Mas porque é que existe esta preocupação? A utilização inadequada de antibióticos pode fazer com que as pessoas se tornem resistentes aos seus efeitos. Isto quer dizer que, com a toma desenfreada de antibióticos, as bactérias, que nos podem deixar doentes, adaptam-se e alteram-se, tornando-se mais difíceis de eliminar. Estes medicamentos, usados para tratar infecções bacterianas, deixam de ser eficazes.

O modelo de IA utilizado na investigação dos cientistas norte-americanos é conhecido como deep learning, método que recorre a redes neuronais artificiais para decidir e fazer previsões. Os investigadores também recorreram a noções de explainable AI – ferramenta que ajuda a avaliar e a interpretar previsões feitas pelo modelo de IA. Normalmente, estes modelos funcionam como caixas pretas, ou seja, operam sem que seja possível percebermos completamente os seus procedimentos. Neste caso, os cientistas, ao aliarem o deep learning e o explainable AI, conseguiram acompanhar as operações destas ferramentas.

Os cientistas conseguiram analisar a actividade antibiótica de 12 milhões de compostos químicos, através destes modelos. Segundo informação partilhada pela revista Scientific American, foram testados 283 compostos promissores em ratinhos e foram descobertos “compostos eficazes no tratamento da bactéria Staphylococcus aureus, resistente aos antibióticos meticilina (MRSA) e à vancomicina”. Esta é uma das bactérias mais “teimosas e difíceis de eliminar”, lê-se no artigo da revista.
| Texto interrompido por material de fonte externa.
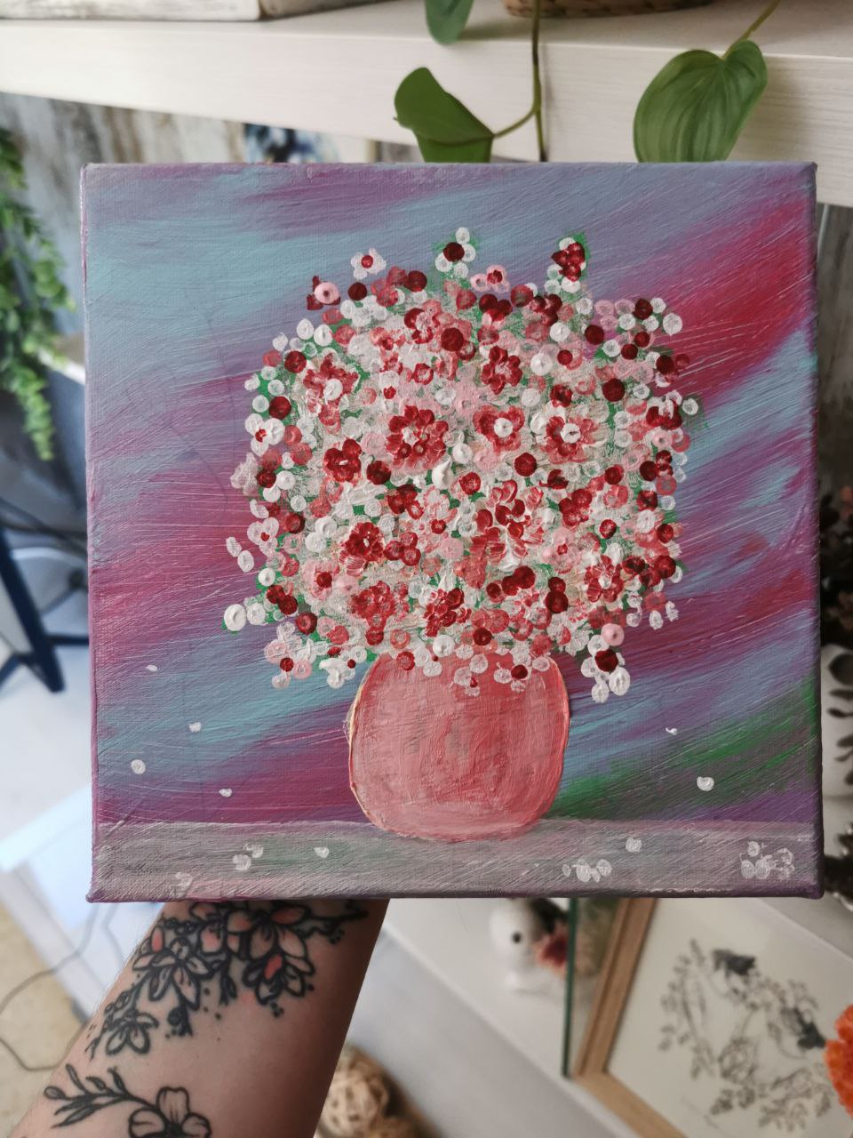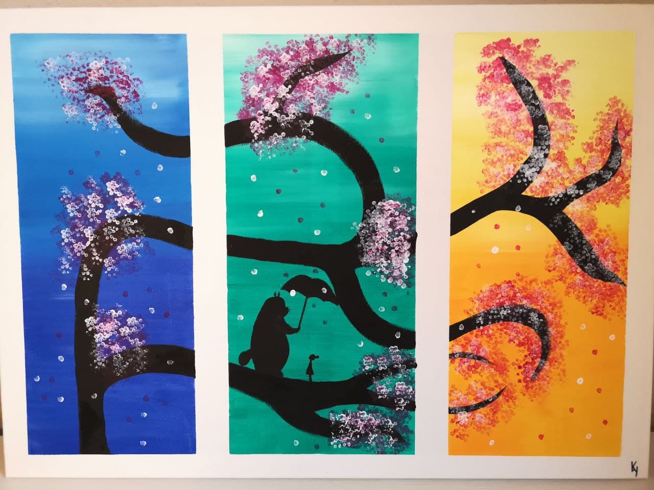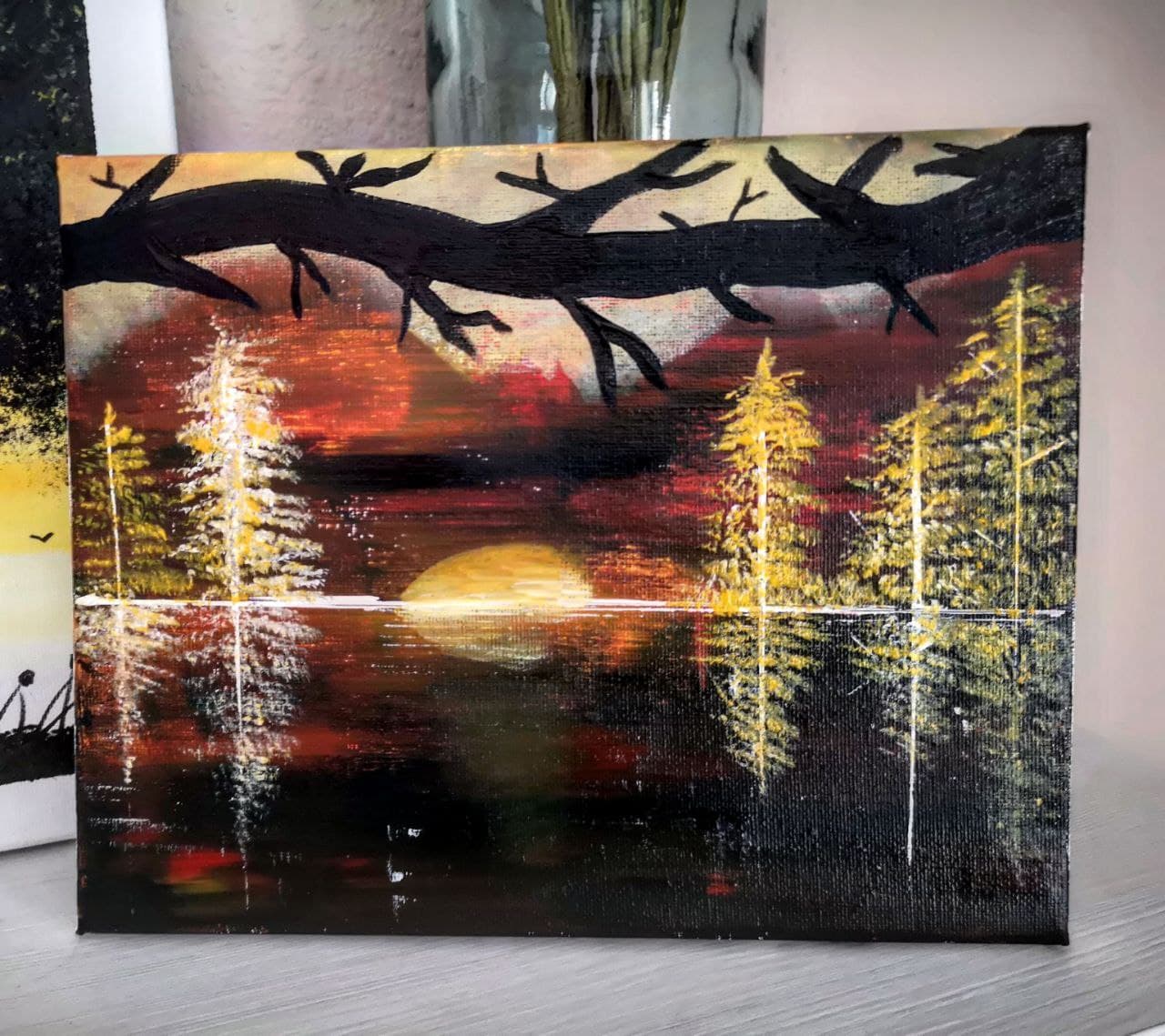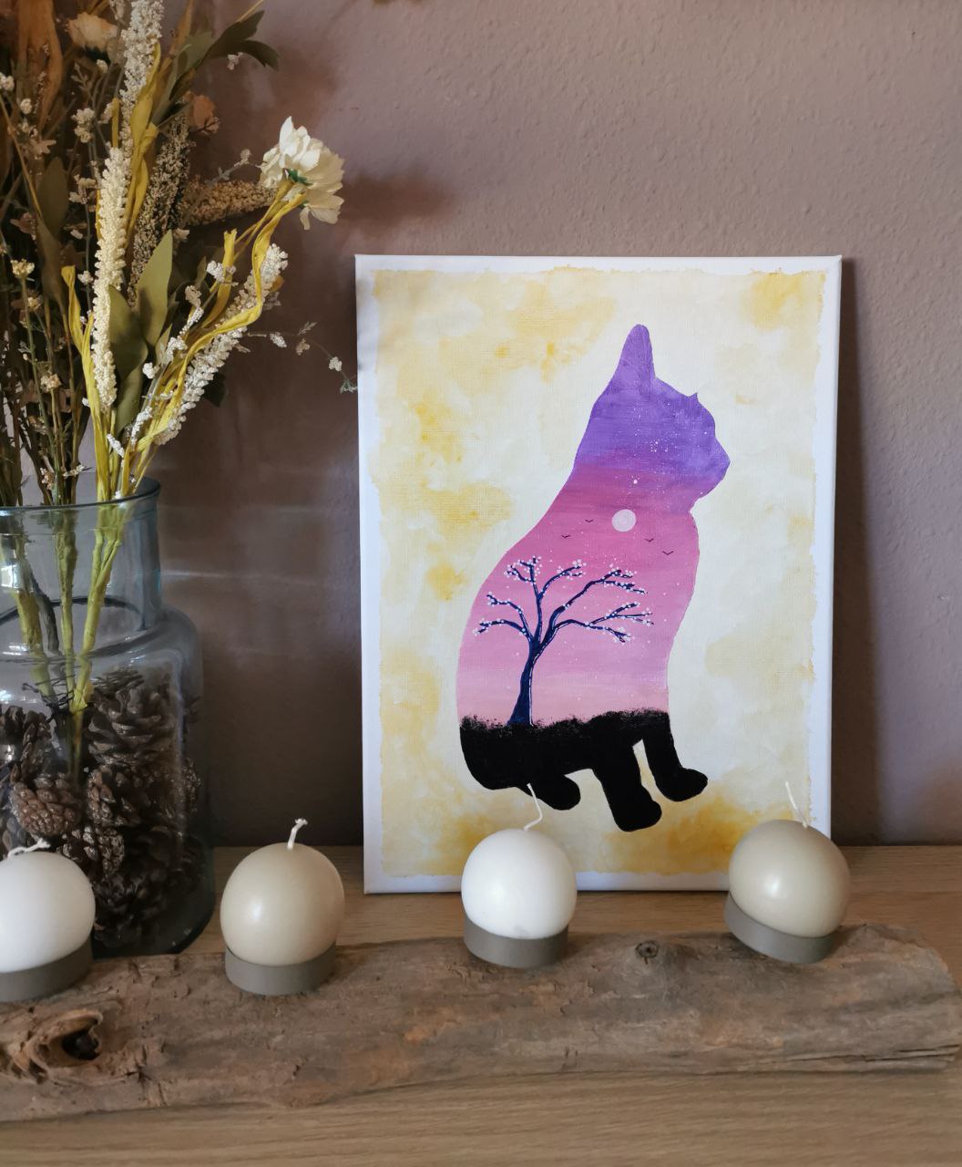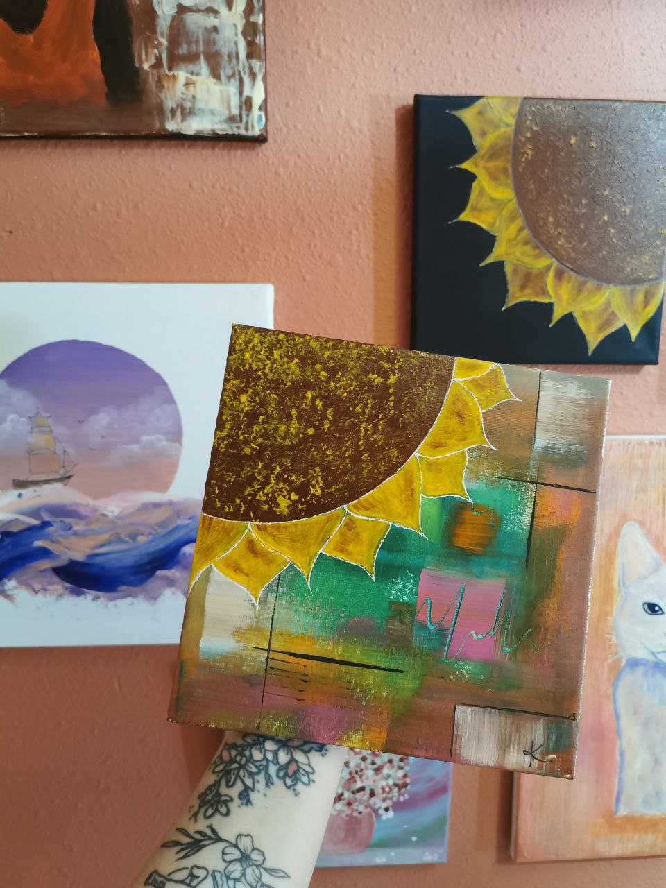 Podrás elegir los tonos, las medidas del lienzo o lámina, el tipo de técnica utilizada (acrílico o acuarela con línea fina negra), material (tronquito, lienzo normal, lienzo tipo tablilla, papel de acuarela) y el diseño. ¡Todo es hablarlo!

A investigação desenvolvida anteriormente por César de la Fuente, da Universidade da Pensilvânia, foi uma das que vieram agora servir de base a esta descoberta científica. Em declarações à revista Scientific American, César de la Fuente vê com entusiasmo a utilização da inteligência artificial nos campos da biologia e da química.

A IA é capaz de identificar novos compostos de antibióticos mais rapidamente. “Se pensarmos no processo tradicional de descoberta de antibióticos, são necessários cerca de 12 anos para se encontrar um novo composto e cerca de três a seis anos para se identificarem candidatos clínicos. Depois, é necessário transitar para ensaios clínicos de fase I, fase II e fase III”, explicou César de la Fuente. Com a AI, este processo é acelerado, conseguindo-se distinguir milhões de compostos químicos e identificar os mais promissores, concluiu. “Este processo seria muito difícil de ser concretizado manualmente.”

Para que esta nova classe de antibióticos se torne um medicamento, ainda há um caminho pela frente, por exemplo têm de ser realizados estudos de toxicidade, antes de passar para a primeira fase dos ensaios clínicos. Os últimos dados partilhados sobre resistência aos antimicrobianos mostram que, em 2019, morreram 1,27 milhões de pessoas devido a infecções resistentes a tratamentos. Para enfrentar a “crise de resistência” a estes medicamentos tornou-se “urgente” a descoberta de novas classes estruturais de antibióticos.